» **Required action**: Go line by line through the data and copy those with the word "utca".

===== Available data

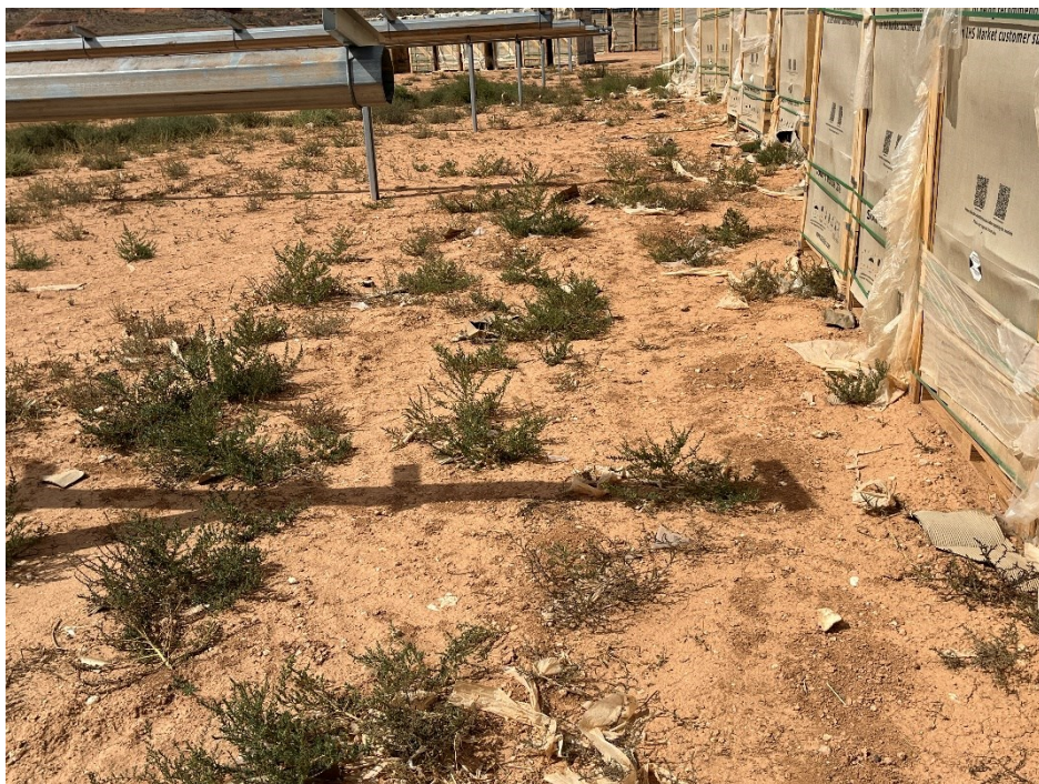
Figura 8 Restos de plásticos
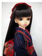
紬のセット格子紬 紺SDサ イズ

==========
===== Available data

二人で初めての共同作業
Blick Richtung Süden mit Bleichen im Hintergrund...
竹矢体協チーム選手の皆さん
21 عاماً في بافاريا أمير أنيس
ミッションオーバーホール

==========
===== Available data

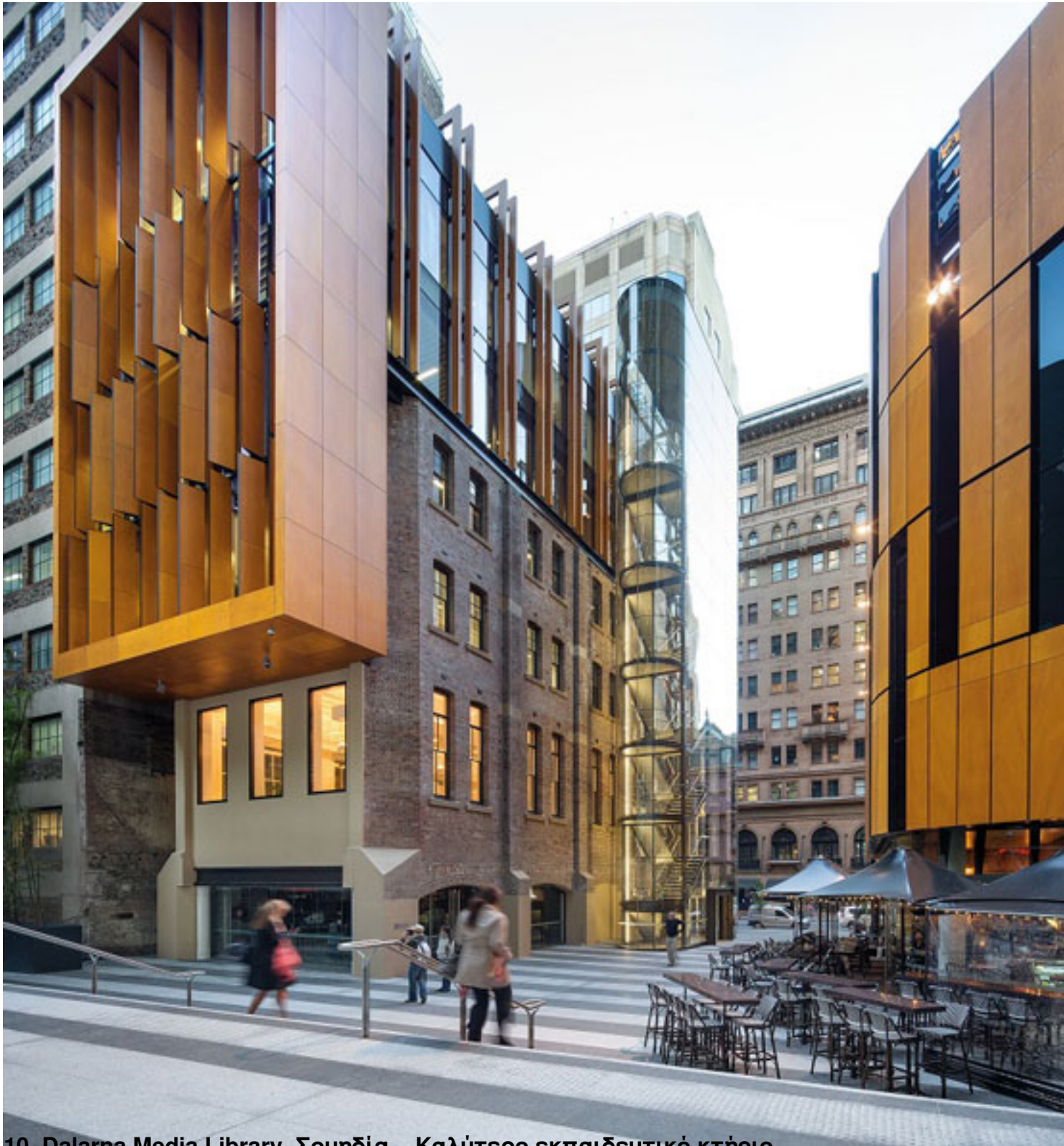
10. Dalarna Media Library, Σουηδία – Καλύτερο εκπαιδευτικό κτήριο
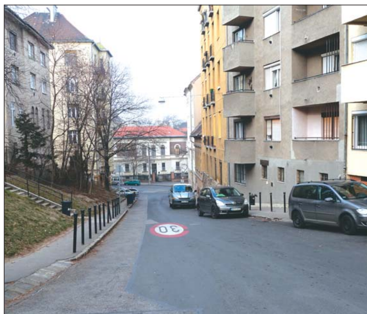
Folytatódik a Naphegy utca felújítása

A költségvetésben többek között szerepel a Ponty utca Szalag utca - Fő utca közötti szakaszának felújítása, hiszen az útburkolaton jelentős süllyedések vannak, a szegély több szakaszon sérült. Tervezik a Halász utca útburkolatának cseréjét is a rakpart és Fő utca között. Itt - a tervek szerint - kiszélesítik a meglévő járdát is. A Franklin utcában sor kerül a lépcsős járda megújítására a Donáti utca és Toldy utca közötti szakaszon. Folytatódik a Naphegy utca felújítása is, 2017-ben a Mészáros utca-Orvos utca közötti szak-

==========

» **Exercise solution**:
Folytatódik a Naphegy utca felújítása
A költségvetésben többek között szerepel a Ponty utca Szalag utca - Fő utca közötti szakaszának felújítása, hiszen az útburkolaton jelentős süllyedések vannak, a szegély több szakaszon sérült. Tervezik a Halász utca útburkolatának cseréjét is a rakpart és Fő utca között. Itt - a tervek szerint - kiszélesítik a meglévő járdát is. A Franklin utcában sor kerül a lépcsős járda megújítására a Donáti utca és Toldy utca közötti szakaszon. Folytatódik a Naphegy utca felújítása is, 2017-ben a Mészáros utca-Orvos utca közötti szak-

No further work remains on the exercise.